I'd like to say I made similar sacrifices, leaving the glory of a Hollywood career by the wayside, but, ahh, no. The closest I ever came to the greatness of Back to the Future is this:
And that's the real time machine, there, not the mock-up from the Universal Studios Amusement Park. You can see the dust on the hood from when they rolled it out of the studio backlot retired prop warehouse. Also, that's my real hair. I was about 21.
A friend of mine was working on a commercial for the "Back to the Future Ride" that was at Universal Studios for years (it closed last summer.) They had the original cars for the shoot, and he invited me down to the set -which was awesome! There were three DeLoreans: one for long shots that they could drive at high speeds, one that didn't move but had all the blinking lights and interior details for close-ups, and one that was a bit of both for medium shots. I believe that's me in the middle one, and I remember it being really cool to sit in it. After the shoot, when no one was looking, my friend ripped off a little panel piece from the dashboard of the detail vehicle and gave it to me for my birthday -at which point I think I soiled my armor. I put it on the dash of my old Honda Civic where it got all dusty and scratched up after years of traveling the continent. I always pointed it out to my passengers, and no one ever believed me that it was really from the actual Back to the Future DeLorean. I was always telling stories, you see.

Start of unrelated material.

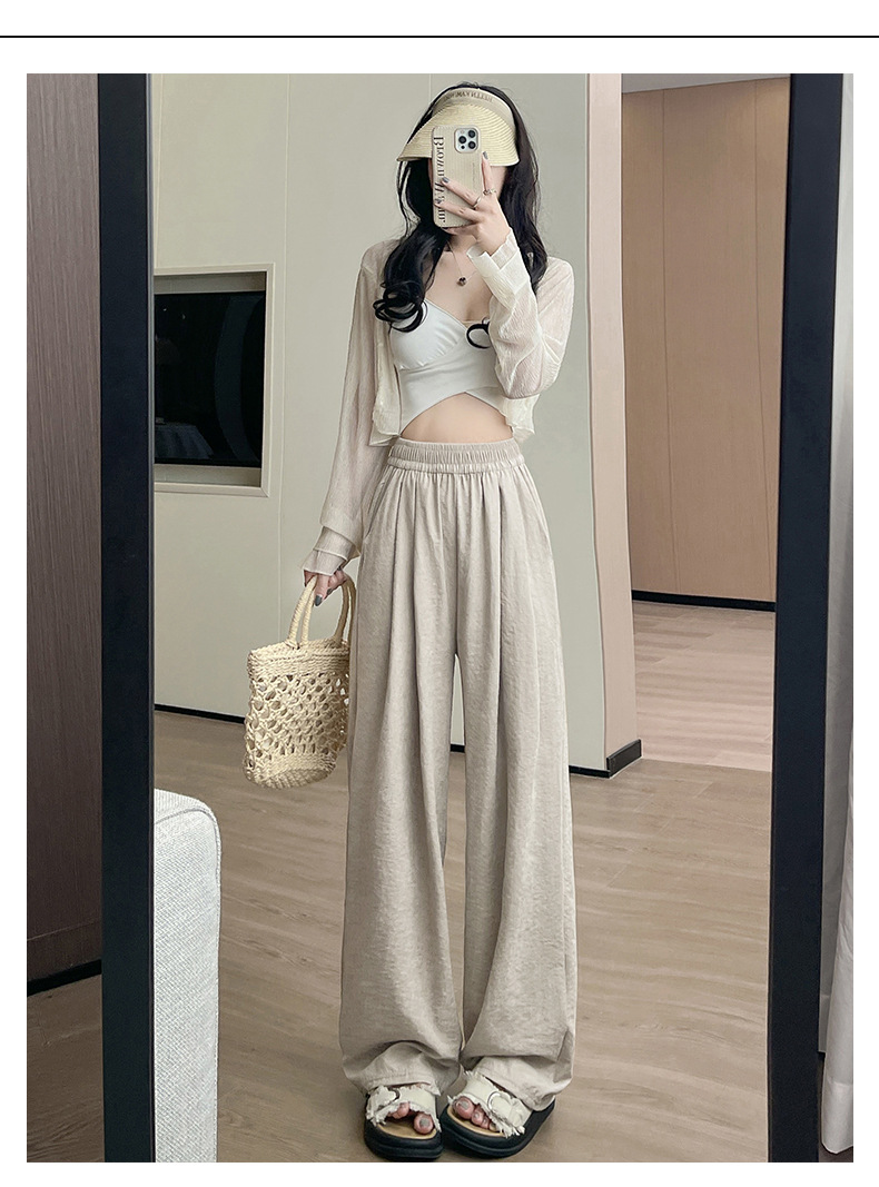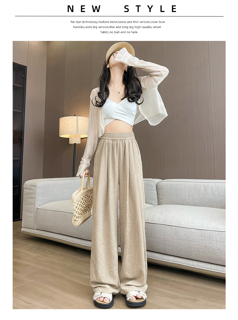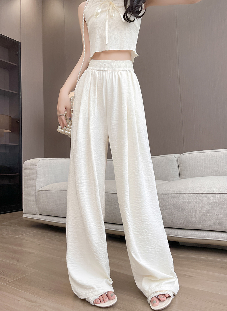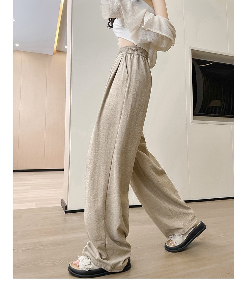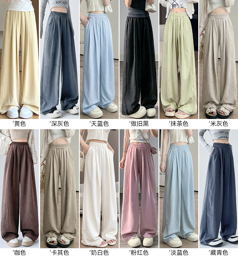 노란 우유 푸 야마모토 바지 여성 여름 2025 새로운 높은 허리 느슨한 복용량 캐주얼 게으른 스타일 아이스 실크 넓은 다리 바지

Incidentally, [NAME EXCISED BY TMST LEGAL] was going to steal the flux capacitor for me but he didn't think he could get away with it. He needed a screwdriver and his backpack wasn't big enough.

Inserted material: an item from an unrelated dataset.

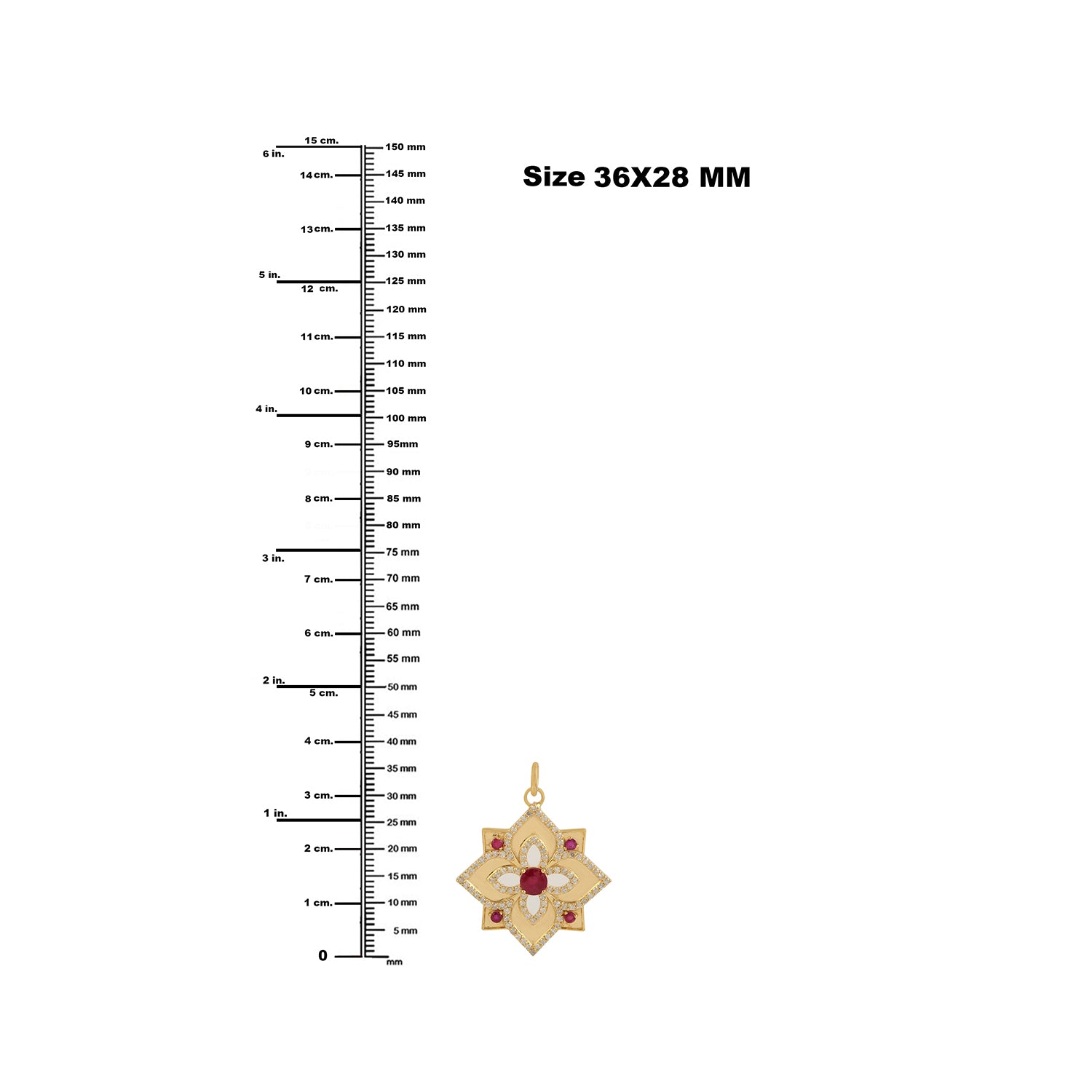 Ruby July Birthstone Pave Diamond Floral Pendant In 14k Yellow Gold

Watching the film the other night I realized that the movie is over twenty years old now, and takes place thirty years after 1955, which in 1985 seemed so distant and other-worldly. I wonder if teenagers nowadays look at 1985 like that. (It was a kick to see Marty pop a cassette tape into his Walkman!) I suppose we'll have to wait another ten years for the full effect of time passing. If it means getting flying cars, I'll wait, but if you want your very own flux capacitor, you can buy it here for $250.
[Note: See how the PM and HOUR stickers overlap? That's how I was able to determine that it was actually the same piece that was used in the films -I paused the videotape! Unfortunately it was only used in the BTTF 2 and 3 but not 1. Suck!]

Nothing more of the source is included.